SOURCE MATERIAL section start
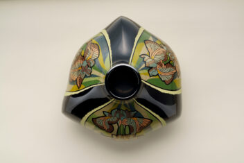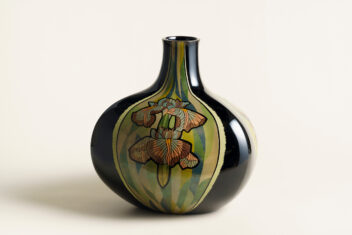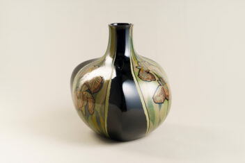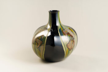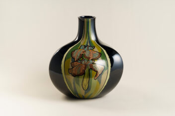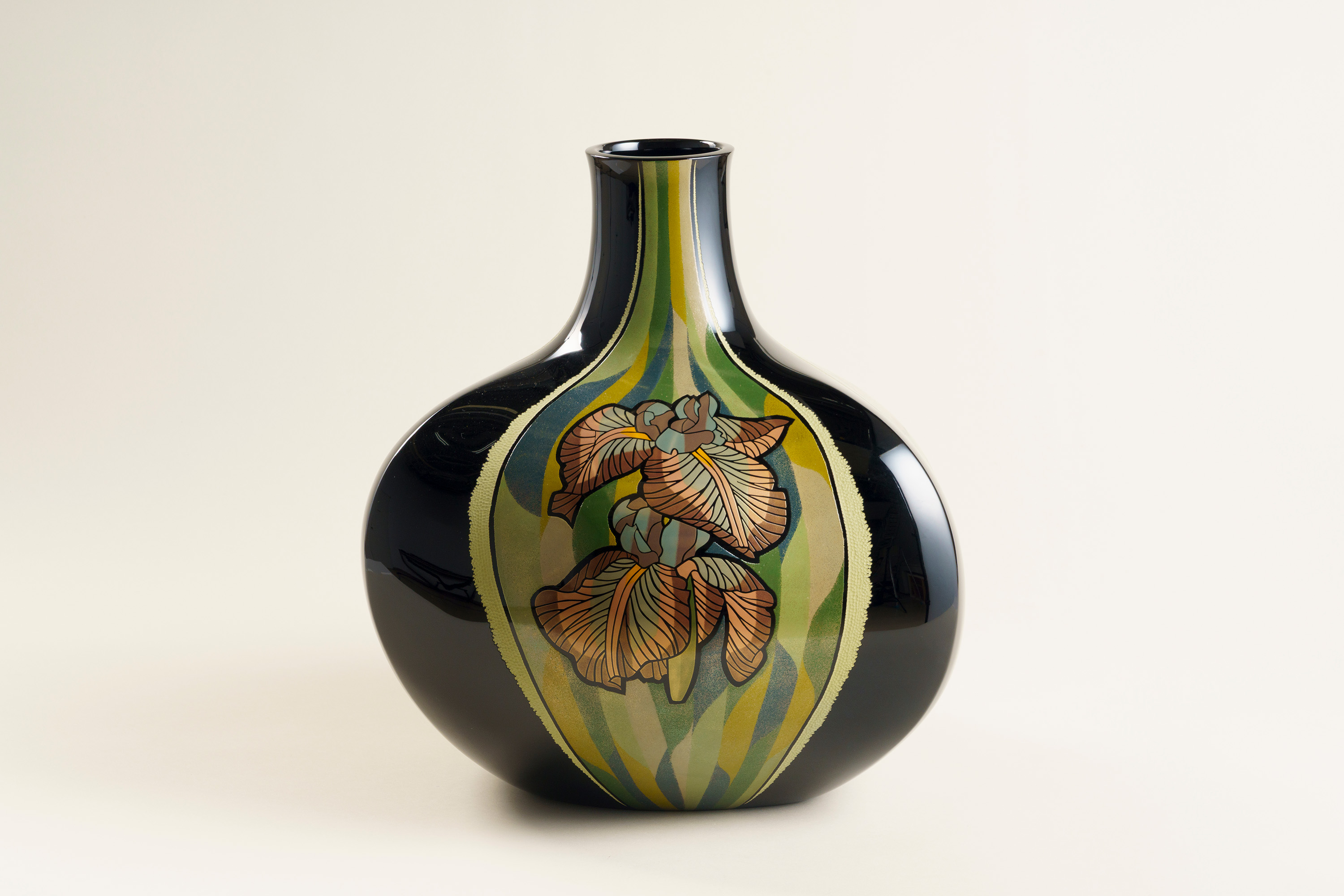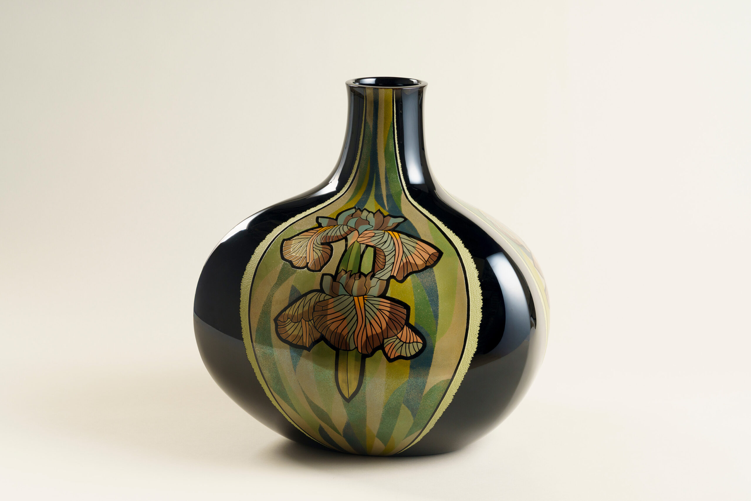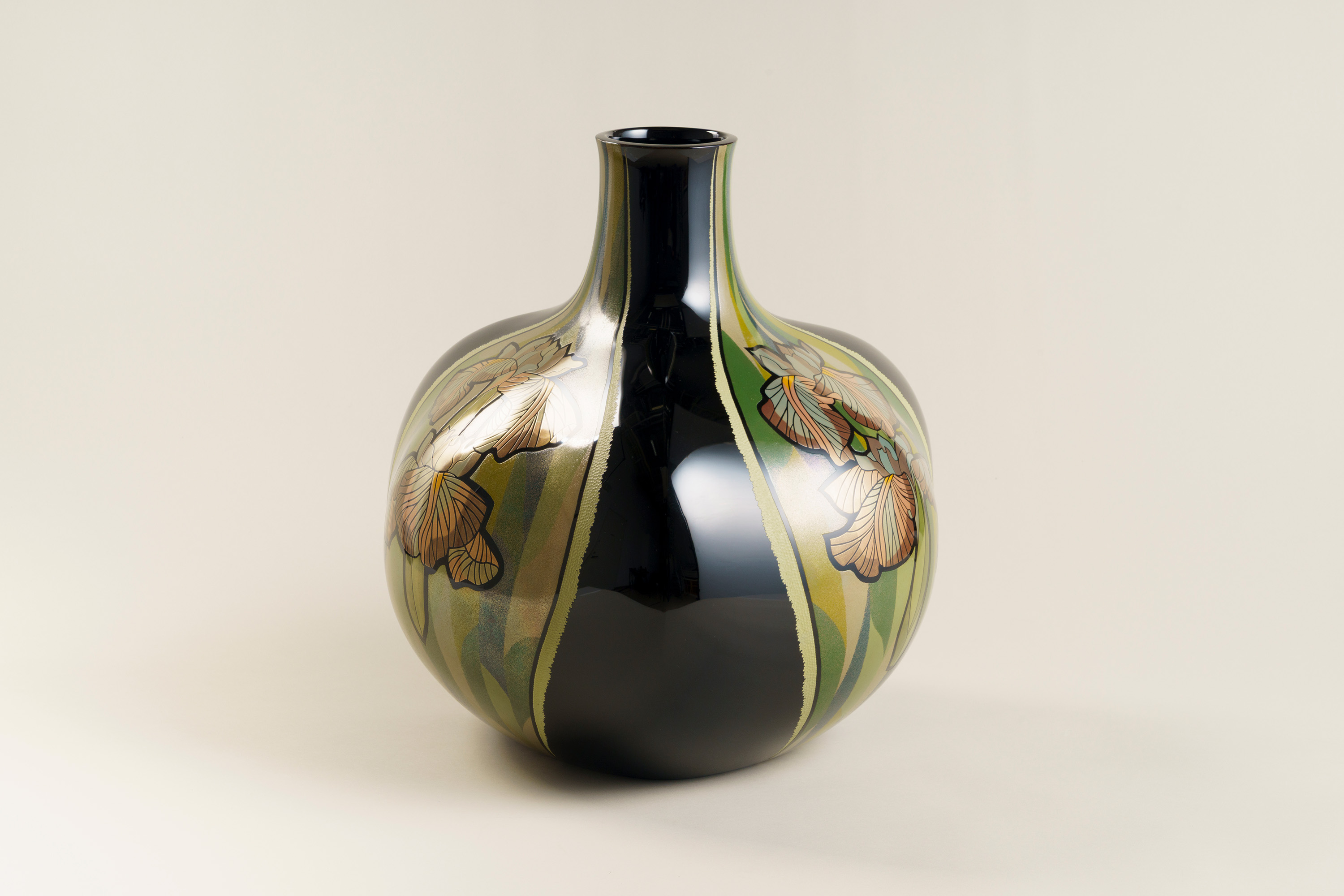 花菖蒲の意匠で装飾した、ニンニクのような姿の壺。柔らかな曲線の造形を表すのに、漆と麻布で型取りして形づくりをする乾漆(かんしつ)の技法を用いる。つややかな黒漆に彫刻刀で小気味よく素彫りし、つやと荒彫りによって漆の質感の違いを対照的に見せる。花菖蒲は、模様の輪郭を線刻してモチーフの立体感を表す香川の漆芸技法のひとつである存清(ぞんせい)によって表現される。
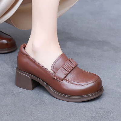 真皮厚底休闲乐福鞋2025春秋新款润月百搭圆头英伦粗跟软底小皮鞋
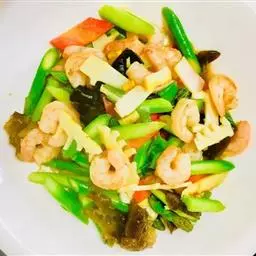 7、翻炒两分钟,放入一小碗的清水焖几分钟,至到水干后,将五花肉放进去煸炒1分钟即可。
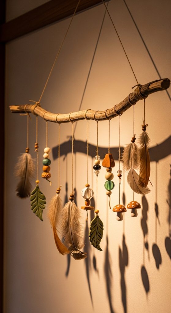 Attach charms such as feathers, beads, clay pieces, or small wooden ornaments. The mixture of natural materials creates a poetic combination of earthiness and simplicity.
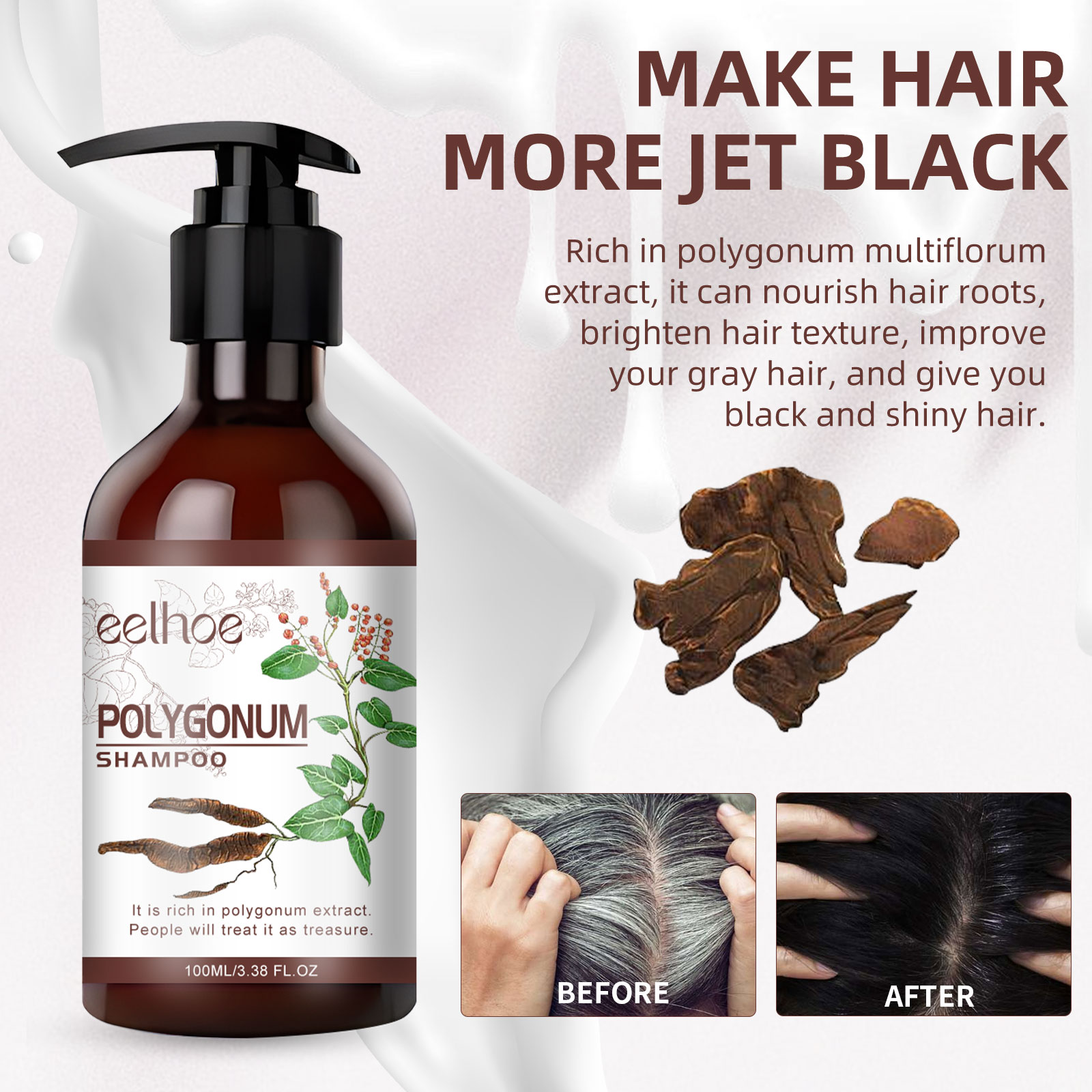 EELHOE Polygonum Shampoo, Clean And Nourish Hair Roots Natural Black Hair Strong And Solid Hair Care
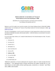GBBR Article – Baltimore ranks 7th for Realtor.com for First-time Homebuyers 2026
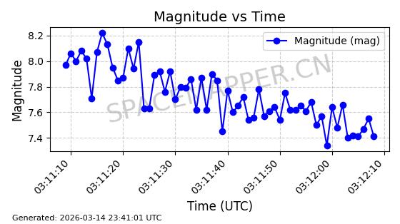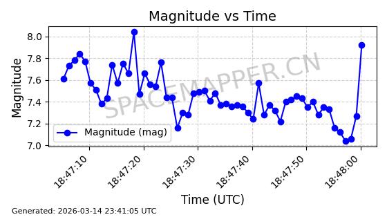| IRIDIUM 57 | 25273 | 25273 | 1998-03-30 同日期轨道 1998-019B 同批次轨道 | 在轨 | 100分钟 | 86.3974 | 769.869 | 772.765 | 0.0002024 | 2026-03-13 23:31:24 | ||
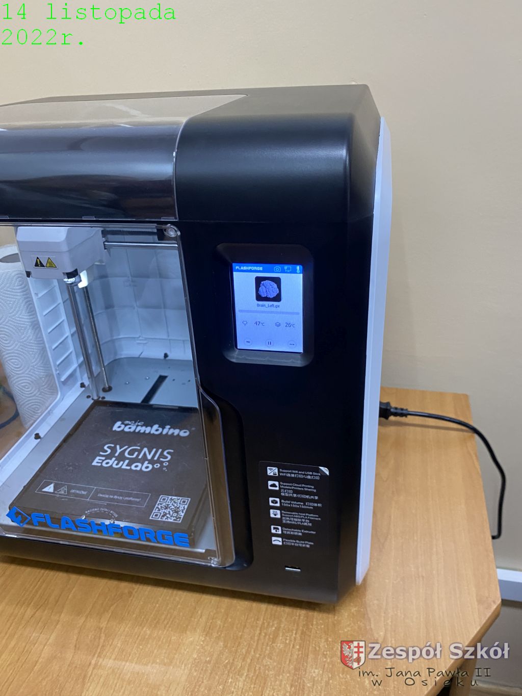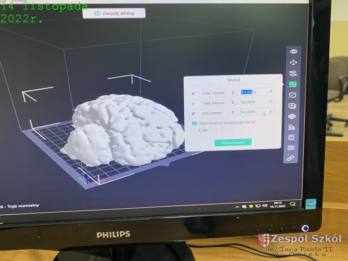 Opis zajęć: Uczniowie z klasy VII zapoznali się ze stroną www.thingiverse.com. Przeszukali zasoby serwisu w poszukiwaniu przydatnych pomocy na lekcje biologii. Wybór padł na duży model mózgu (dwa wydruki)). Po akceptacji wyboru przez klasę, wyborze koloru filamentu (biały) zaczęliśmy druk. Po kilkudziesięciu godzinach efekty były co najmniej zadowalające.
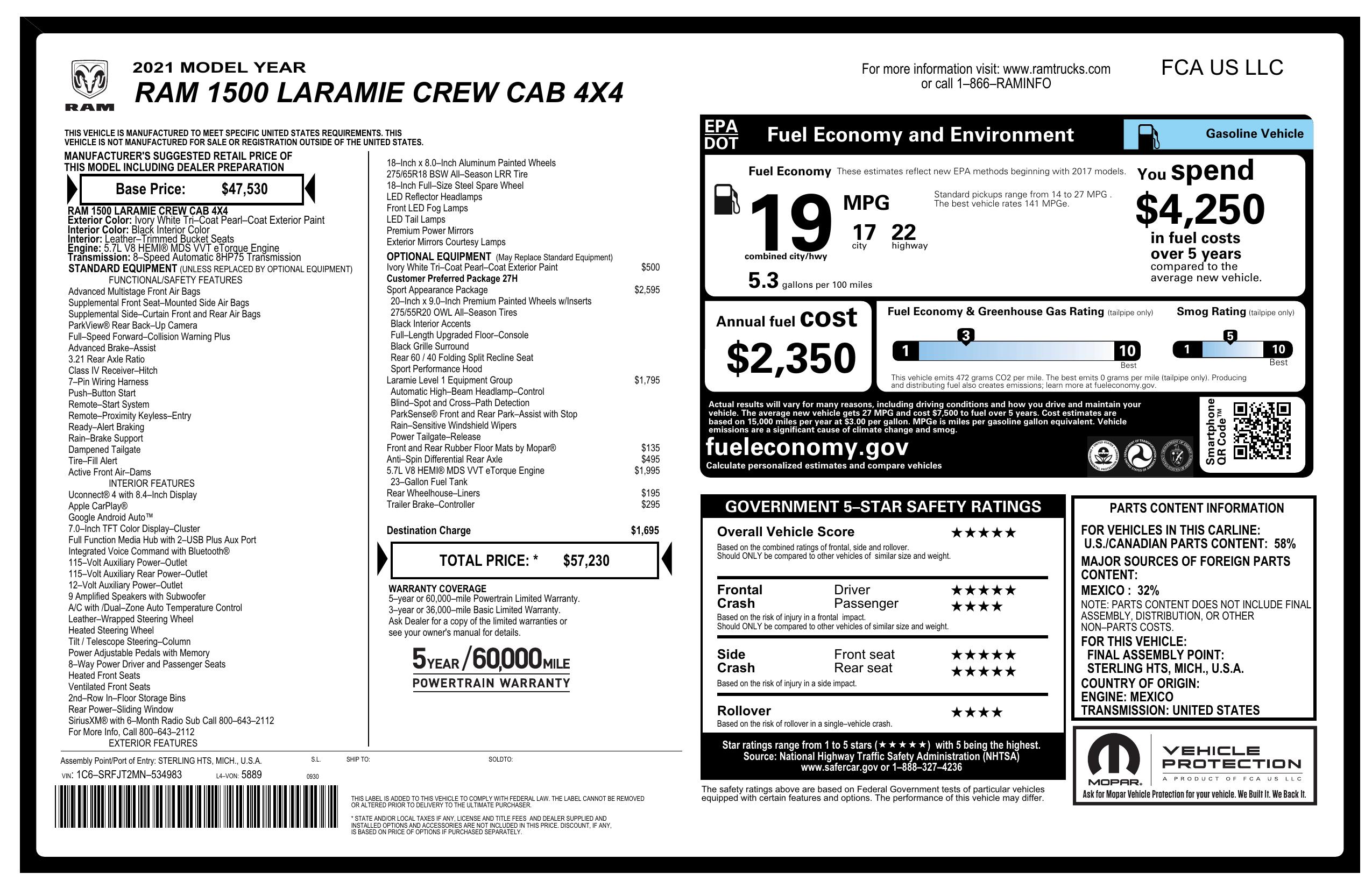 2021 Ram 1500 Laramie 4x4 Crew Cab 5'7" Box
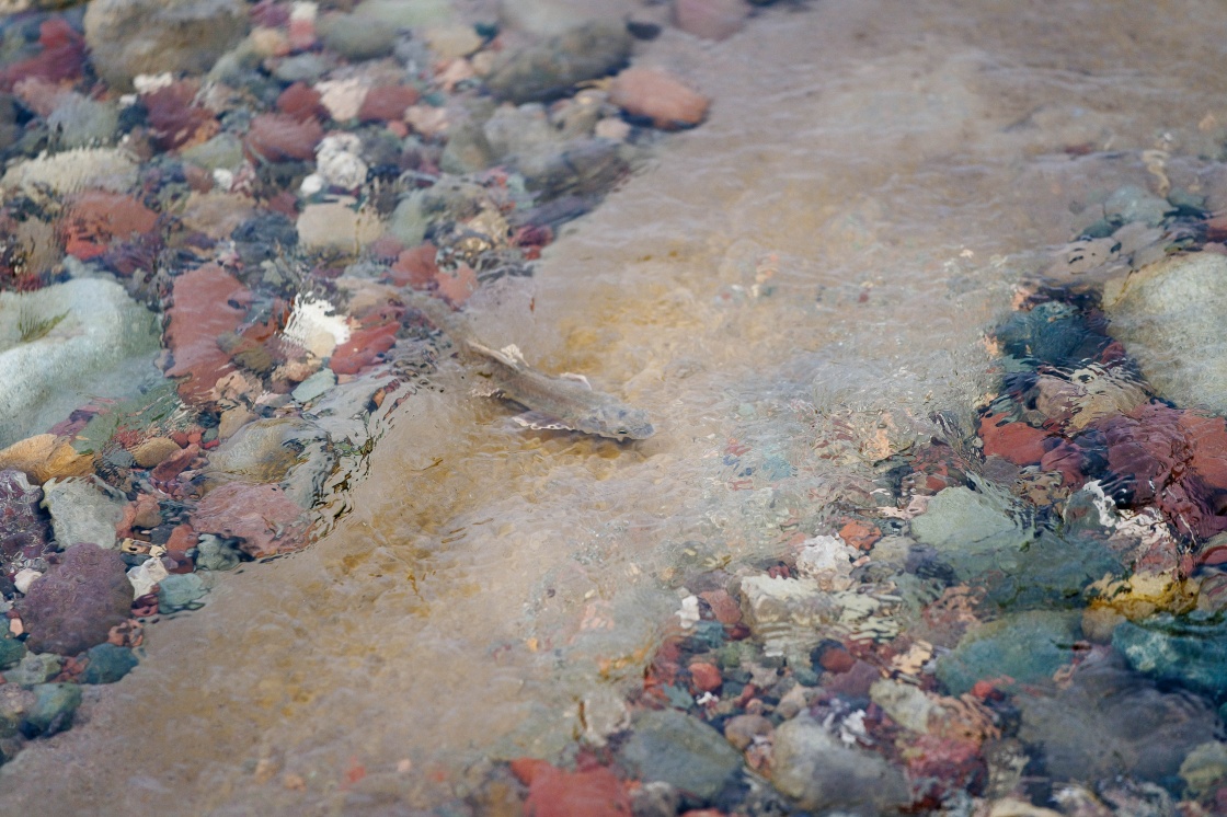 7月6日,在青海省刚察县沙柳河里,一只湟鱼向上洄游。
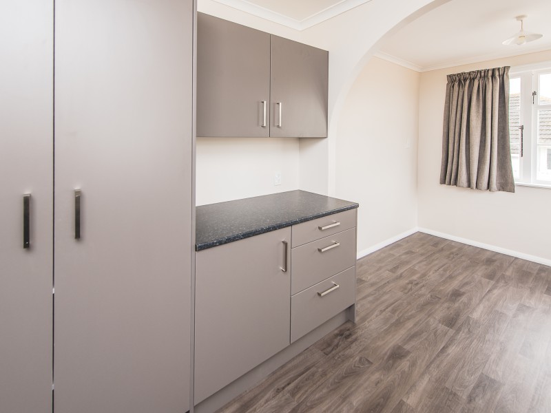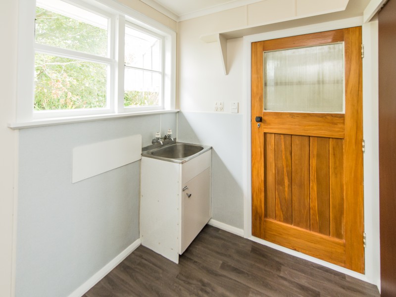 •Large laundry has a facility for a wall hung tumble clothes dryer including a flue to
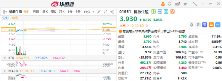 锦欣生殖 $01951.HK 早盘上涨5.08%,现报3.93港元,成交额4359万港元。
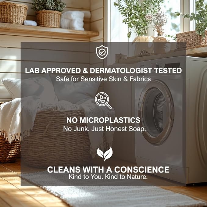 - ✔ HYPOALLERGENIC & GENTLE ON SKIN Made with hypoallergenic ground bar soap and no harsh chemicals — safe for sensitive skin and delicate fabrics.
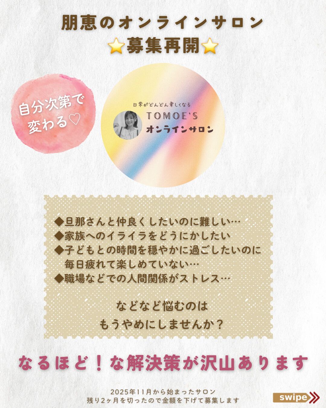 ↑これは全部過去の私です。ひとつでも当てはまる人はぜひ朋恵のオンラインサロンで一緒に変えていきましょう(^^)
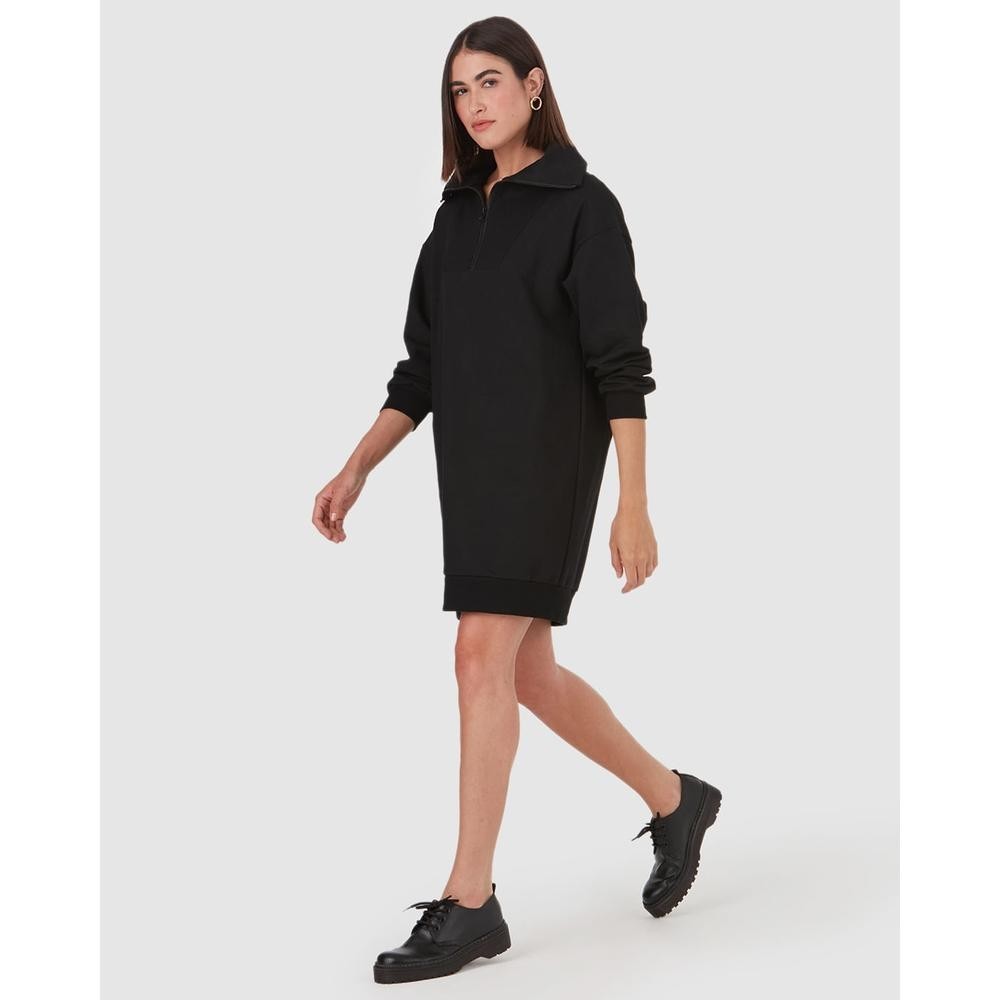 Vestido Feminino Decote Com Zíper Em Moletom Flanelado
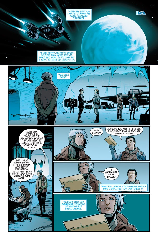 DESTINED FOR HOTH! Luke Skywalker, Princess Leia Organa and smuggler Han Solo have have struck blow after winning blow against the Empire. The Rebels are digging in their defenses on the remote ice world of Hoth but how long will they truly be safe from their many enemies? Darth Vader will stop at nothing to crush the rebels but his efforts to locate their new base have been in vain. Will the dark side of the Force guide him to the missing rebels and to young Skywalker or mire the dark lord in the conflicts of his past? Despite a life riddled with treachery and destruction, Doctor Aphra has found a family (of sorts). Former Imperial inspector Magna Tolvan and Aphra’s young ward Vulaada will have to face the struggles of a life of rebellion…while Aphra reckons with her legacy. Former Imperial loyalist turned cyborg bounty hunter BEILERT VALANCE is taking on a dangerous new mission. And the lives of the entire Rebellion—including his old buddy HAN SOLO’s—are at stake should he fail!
SOURCE MATERIAL section end
*YOUR OBJECTIVE*. Take the records above from their first line through the line with "Attach charms such" and set those lines down word for word, minus the pictures.

*OUTPUT OF THE TASK*.
 花菖蒲の意匠で装飾した、ニンニクのような姿の壺。柔らかな曲線の造形を表すのに、漆と麻布で型取りして形づくりをする乾漆(かんしつ)の技法を用いる。つややかな黒漆に彫刻刀で小気味よく素彫りし、つやと荒彫りによって漆の質感の違いを対照的に見せる。花菖蒲は、模様の輪郭を線刻してモチーフの立体感を表す香川の漆芸技法のひとつである存清(ぞんせい)によって表現される。
 真皮厚底休闲乐福鞋2025春秋新款润月百搭圆头英伦粗跟软底小皮鞋
 7、翻炒两分钟,放入一小碗的清水焖几分钟,至到水干后,将五花肉放进去煸炒1分钟即可。
 Attach charms such as feathers, beads, clay pieces, or small wooden ornaments. The mixture of natural materials creates a poetic combination of earthiness and simplicity.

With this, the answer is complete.